Mary Elizabeth Williams of Salon offers a more analytical take.
"Anyone can be anyone on the Internet, and for many, anonymity offers a freedom and safety necessary for self-expression," she writes. "But when someone deliberately misrepresents himself, because he claims his own adoring 'invisible friend' is an 'unbiased messenger,' when he lies about who he is because it's 'fun' playing the 'vigilante,' it's a profound statement of cynicism about the nature of online community and contempt for his readers."
(Excerpt) Read more at news.yahoo.com ...
The first rule of holes is to stop digging once you find yourself in one.
Adams should have apologized rather than trying to justify the unjustifiable.
He didn’t, and now finds himself in a yet deeper hole.
Some people need to learn through painful personal experience. Scott Adams may be one of those people.
calling his intelligence into question.
Adams kinda made their case for 'em.
Anyone who does not have a "profound cynicism" with any so-called "online community" is a moron.
But what Ms. 3-Name is really upset about is that someone liberals love made a "statement" against it. In liberal land, you DO NOT speak against the group. Your reasons, as Ms. 3-Name exerts herself to indicate, are completely irrelevent. The group is life. Disagreement is death. For liberals, there is nothing else - nothing.
And the purpose of 3-Named Leftist Kapos is to make sure liberals never forget that.
“Anyone can be anyone on the internet.” - Wow.
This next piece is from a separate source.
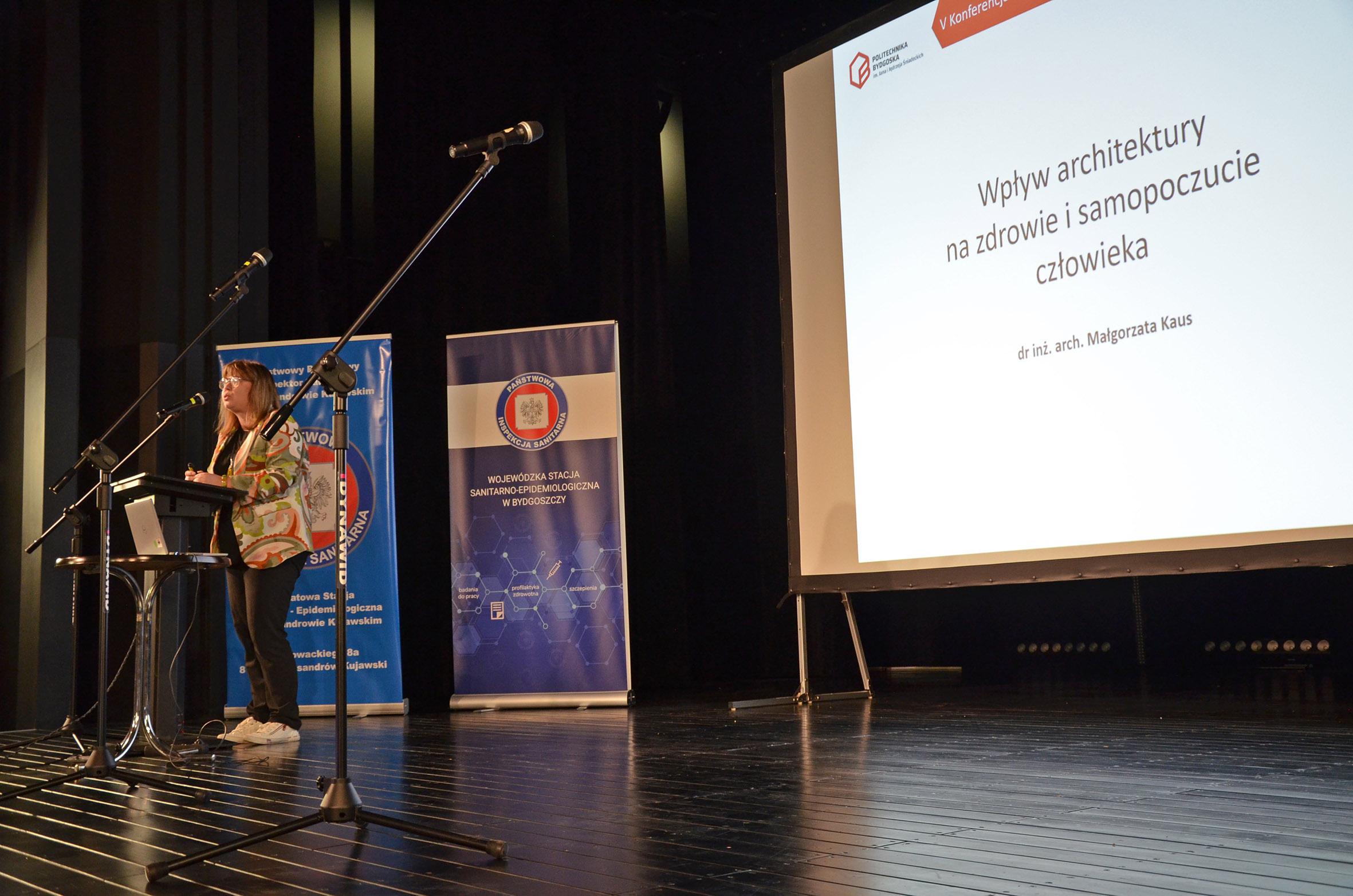 Przy komplecie publiczności, cykl prelekcji rozpoczęła dr inż. arch. Małgorzata Kaus, adiunkt w Katedrze Architektury i Urbanistyki na Politechnice Bydgoskiej im. Jana i Jędrzeja Śniadeckich, która przedstawiła wykład pn. „Wpływ architektury na zdrowie i samopoczucie człowieka”.

That’s some kind of power there.
Yeah, well - we saw what happened to the Internet vermin who made fun of Jay & Silent Bob, didn’t we?
Scott Ritter wanted to be 17 again.
About 30% of the time Dilbert makes me laugh which is a much better rate than most of the stuff I read on the Internet or see in the papers, the few times I read them anymore. That’s about all that I ask of Scott Adams.
In this case, “Nobody knows you’re a Dogbert.”
Does this mean people think I’m REALLY Mr Rogers, posting on FR from the other side...
That’s excellent, thanks Talisker.
His critics are — not surprisingly — grinding their own axes. Adams has in the past stated that, politically, he’s “pro-Death” (supports both abortion on demand, and capital punishment, as well as our national defense), and like a lot of entertainment industry types, appears to be your basic libertarian. That should make some people happy, eh?
The best example of the rumor problem involves the topic of evolution. I’ve often stated publicly that evolution meets the scientific standard of “fact.” But when I write an article or a comic on any unrelated topic that sparks discussion on other sites, a commenter suspiciously appears each time to say, “Adams has no credibility because he doesn’t believe in evolution.” Dilbert readers don’t expect all of their opinions to line up with mine, but evolution is probably the hottest of hot buttons for the technology crowd. If you’re rumored to be anti-science, you’re dead to them, and so is your product. That’s a rumor with economic consequences.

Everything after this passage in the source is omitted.